Motion Representation

MoGenTS natively generates HumanML3D-263 at 20 fps. For cross-model comparison with SMPL or MotionStreamer-272 methods, first generate the native 263-dim outputs and then use the validated bridge:

HumanML3D-263 -> SMPL motion_135 via IK refine-80 -> MotionStreamer-272

The bridge is a representation-conversion diagnostic. It should not be treated as the native MoGenTS paper metric space.


Evaluation

Generate under the official HumanML3D test protocol and score with the HumanML3D-263 evaluator:

python3 scripts/eval/mogents_t2m_h3d263.py \
    --model_path checkpoints/mogents/humanml3d \
    --out_dir outputs/evaluation/t2m/humanml3d_official_test/hml263/mogents_ts10_cfg4_rescfg5_seed0

python3 scripts/eval/verify_evaluators.py --which hml263 \
    --hml263-pred outputs/evaluation/t2m/humanml3d_official_test/hml263/mogents_ts10_cfg4_rescfg5_seed0 \
    --out-dir outputs/evaluation/t2m/humanml3d_official_test/hml263/mogents_ts10_cfg4_rescfg5_seed0/metrics

HumanML3D-263 evaluator (native space, n=3970)

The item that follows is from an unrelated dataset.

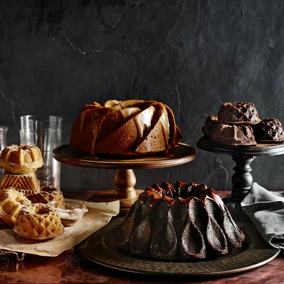 Created in honour of Nordic Ware’s 70th anniversary, this baking plaque produces six cakelets in three beautifully detailed shapes that draw from the company’s seven decades of unique Bundt® pan designs. A non-stick finish guarantees smooth release, so every ridge and curve remains well defined and ready for decoration – all the cakelets need is a simple glaze or sprinkling of icing sugar.

Metric JSON: outputs/evaluation/t2m/humanml3d_official_test/hml263/mogents_ts10_cfg4_rescfg5_seed0/metrics/verify_hml263.json.

Metric hftrainer MoGenTS
FID down 0.0806
R-Precision Top-1 / 2 / 3 up 0.5219 / 0.7128 / 0.8056
Diversity -> 9.4063
MM-Dist down 2.9290
GT(real) R-Precision Top-1 / 2 / 3 0.5135 / 0.7108 / 0.8069
GT(real) Diversity / MM-Dist 9.4527 / 2.9323

SMPL motion_135 + MotionStreamer-272 evaluator

Convert the same HumanML3D test predictions to SMPL motion_135 and then to MotionStreamer-272:

NUM_GPUS=8 NUM_SHARDS=8 N_REPEATS=20 \
    bash scripts/eval/run_mogents_hml263_to_ms272_chain.sh

The restartable script runs the following stages with --skip-existing:

python3 scripts/eval/hml263_to_smpl_ik.py \
    --in-dir outputs/evaluation/t2m/humanml3d_official_test/hml263/mogents_ts10_cfg4_rescfg5_seed0 \
    --out-dir outputs/evaluation/t2m/humanml3d_official_test/motion135/mogents_ts10_cfg4_rescfg5_seed0_ik80 \
    --model-dir ref_repo/MDM/body_models \
    --source-fps 20 --target-fps 30 \
    --floor-align --refine-iters 80 --refine-lr 0.02 \
    --device cuda --skip-existing

python3 scripts/data/convert_motion135_to_h3d272.py \
    --in-dir outputs/evaluation/t2m/humanml3d_official_test/motion135/mogents_ts10_cfg4_rescfg5_seed0_ik80 \
    --out-dir outputs/evaluation/t2m/humanml3d_official_test/ms272/mogents_ts10_cfg4_rescfg5_seed0_ik80 \
    --workers 8 --skip-existing

python3 scripts/eval/verify_evaluators.py --which ms272 \
    --ms272-pred outputs/evaluation/t2m/humanml3d_official_test/ms272/mogents_ts10_cfg4_rescfg5_seed0_ik80 \
    --n-repeats 20 \
    --out-dir outputs/evaluation/t2m/humanml3d_official_test/ms272/mogents_ts10_cfg4_rescfg5_seed0_ik80/metrics

Metric JSON: outputs/evaluation/t2m/humanml3d_official_test/ms272/mogents_ts10_cfg4_rescfg5_seed0_ik80/metrics/verify_ms272.json.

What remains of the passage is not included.